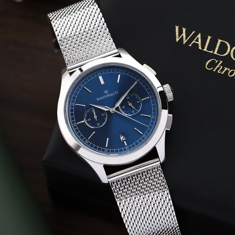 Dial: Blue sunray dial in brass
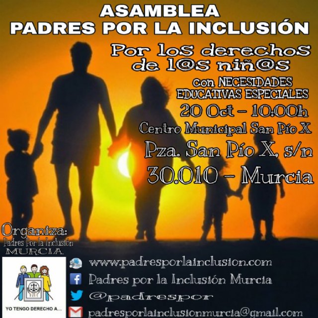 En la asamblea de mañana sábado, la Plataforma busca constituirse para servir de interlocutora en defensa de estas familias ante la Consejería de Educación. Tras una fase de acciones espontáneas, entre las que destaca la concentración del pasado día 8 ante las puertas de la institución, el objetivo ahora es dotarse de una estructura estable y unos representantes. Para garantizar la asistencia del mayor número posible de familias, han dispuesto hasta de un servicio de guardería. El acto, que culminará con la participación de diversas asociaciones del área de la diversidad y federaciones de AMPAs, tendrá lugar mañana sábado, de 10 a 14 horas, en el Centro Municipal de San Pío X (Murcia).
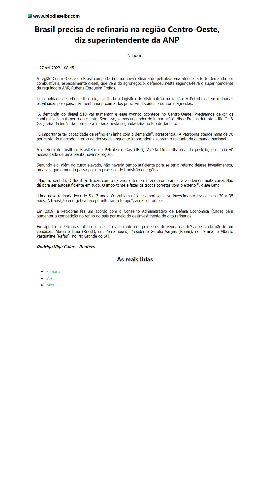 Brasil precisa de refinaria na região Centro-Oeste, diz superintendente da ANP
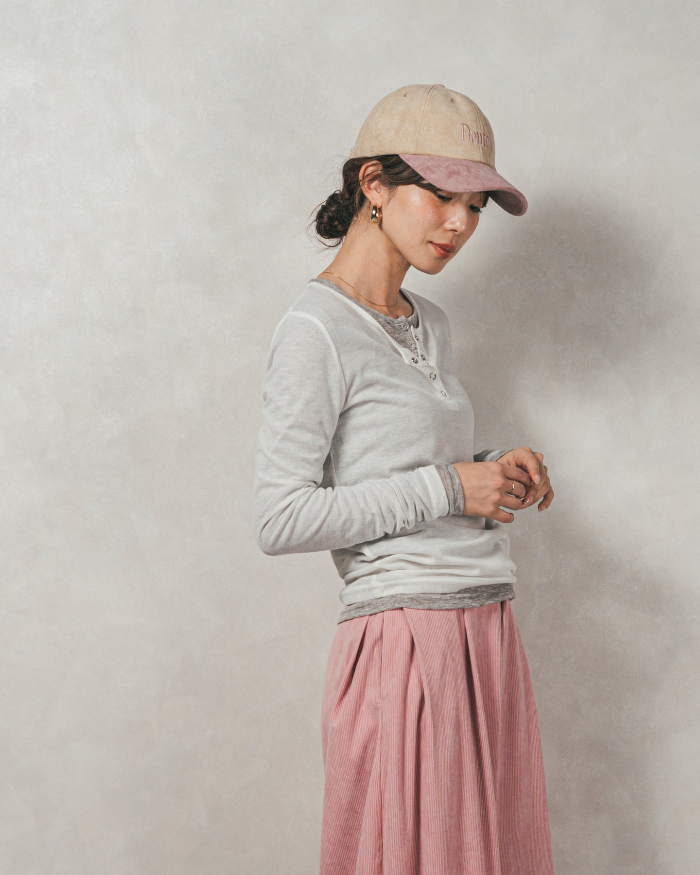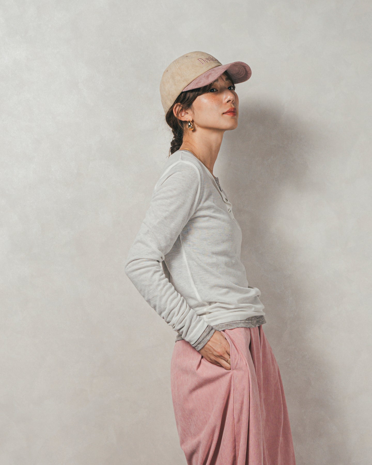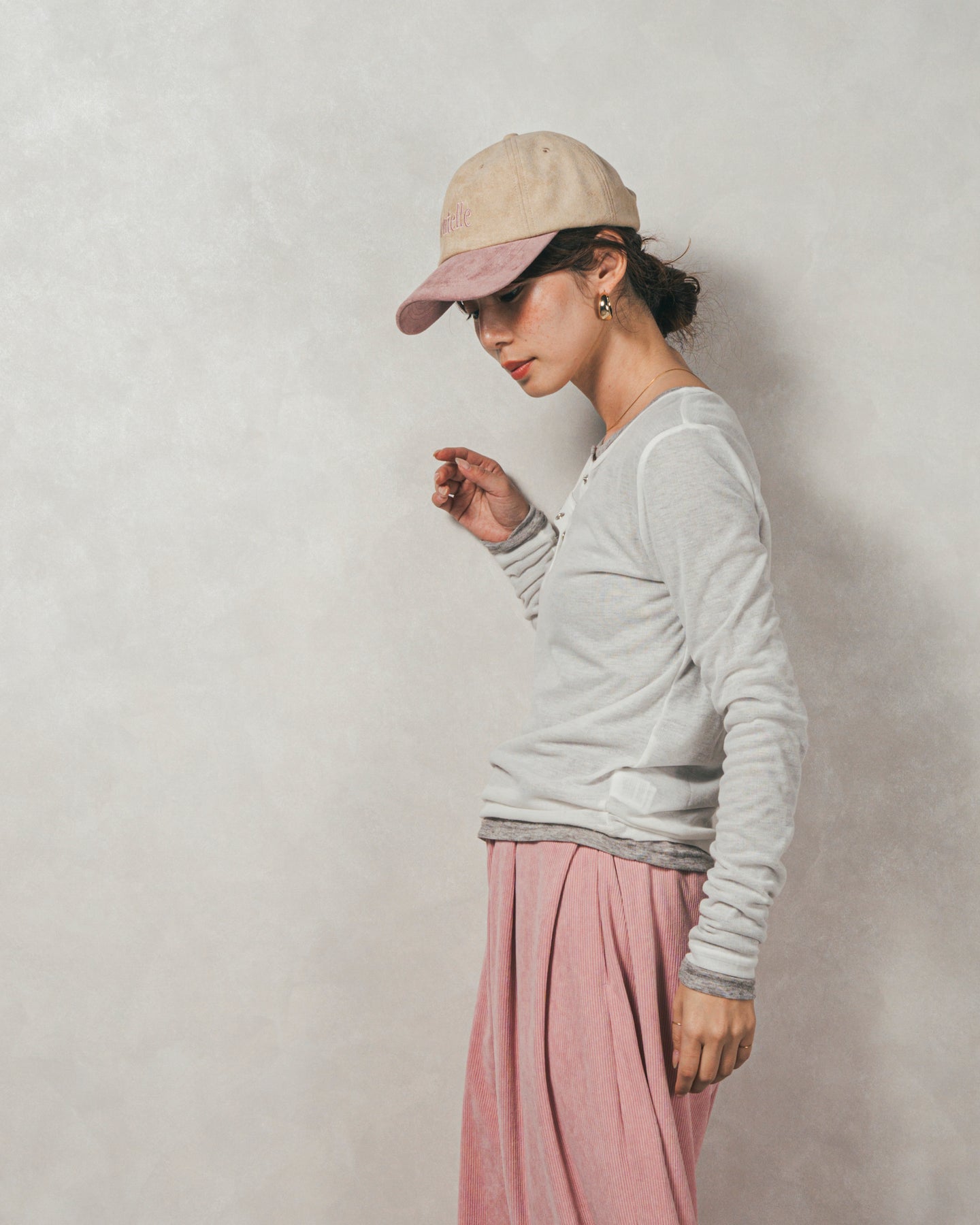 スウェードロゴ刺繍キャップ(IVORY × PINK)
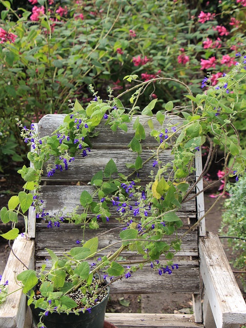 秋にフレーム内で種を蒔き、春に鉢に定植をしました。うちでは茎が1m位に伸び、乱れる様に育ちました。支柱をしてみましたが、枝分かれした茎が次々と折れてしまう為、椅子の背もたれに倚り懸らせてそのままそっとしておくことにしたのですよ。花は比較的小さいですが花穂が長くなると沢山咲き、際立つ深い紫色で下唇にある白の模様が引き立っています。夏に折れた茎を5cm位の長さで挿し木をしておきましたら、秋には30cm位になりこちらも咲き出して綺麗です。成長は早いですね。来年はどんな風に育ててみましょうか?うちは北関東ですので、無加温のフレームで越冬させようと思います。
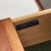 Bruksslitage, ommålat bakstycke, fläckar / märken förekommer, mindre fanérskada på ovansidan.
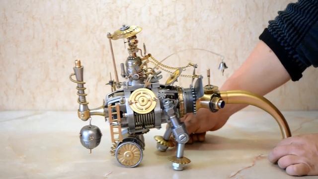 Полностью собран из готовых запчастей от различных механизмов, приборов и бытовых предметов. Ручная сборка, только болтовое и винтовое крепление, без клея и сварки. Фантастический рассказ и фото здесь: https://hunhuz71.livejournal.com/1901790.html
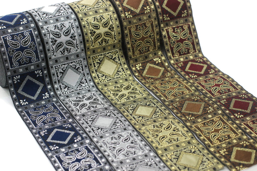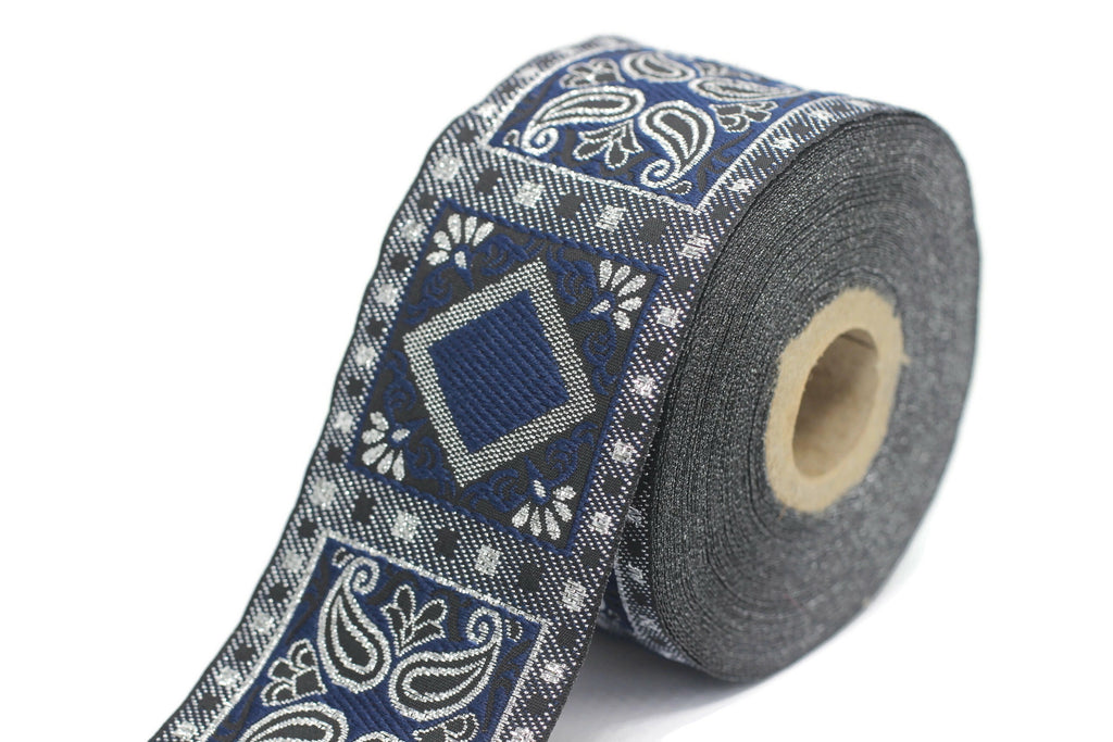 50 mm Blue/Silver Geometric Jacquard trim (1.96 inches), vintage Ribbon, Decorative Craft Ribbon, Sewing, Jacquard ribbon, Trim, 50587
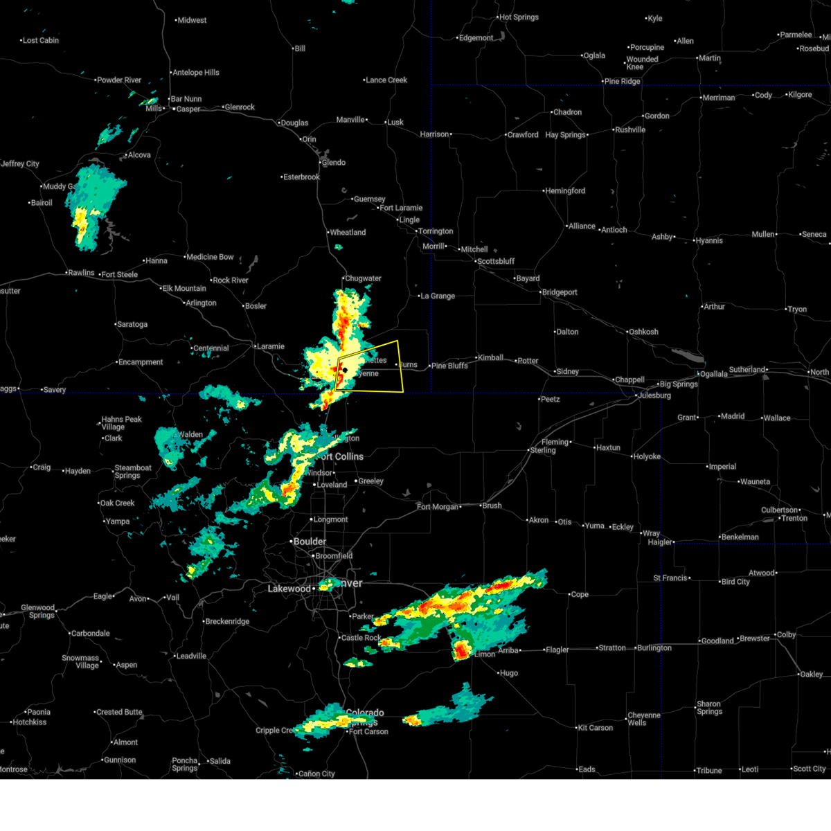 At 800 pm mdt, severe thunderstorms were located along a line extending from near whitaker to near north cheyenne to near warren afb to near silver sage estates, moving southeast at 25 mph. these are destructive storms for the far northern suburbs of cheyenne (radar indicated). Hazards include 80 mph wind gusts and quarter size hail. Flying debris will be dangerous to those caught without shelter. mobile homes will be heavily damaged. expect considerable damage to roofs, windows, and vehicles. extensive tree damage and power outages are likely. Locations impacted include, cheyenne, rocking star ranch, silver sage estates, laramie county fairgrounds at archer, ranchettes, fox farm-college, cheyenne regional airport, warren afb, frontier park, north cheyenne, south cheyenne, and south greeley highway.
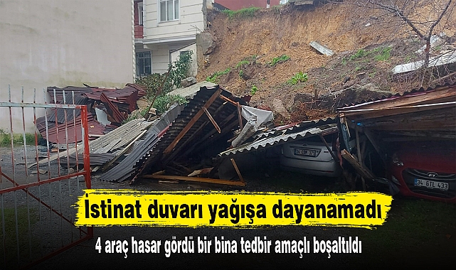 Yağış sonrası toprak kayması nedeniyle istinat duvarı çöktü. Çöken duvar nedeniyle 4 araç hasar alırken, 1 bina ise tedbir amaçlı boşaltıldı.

··········

§ **WHAT THE TASK ASKS**:
Once the line with "Brasil precisa de" is found in the data above, reproduce it and each line after it exactly, through the line with "スウェードロゴ刺繍キャップ(IVORY × PINK)". Omit the pictures.

§ **RESULT**:
 Brasil precisa de refinaria na região Centro-Oeste, diz superintendente da ANP
 スウェードロゴ刺繍キャップ(IVORY × PINK)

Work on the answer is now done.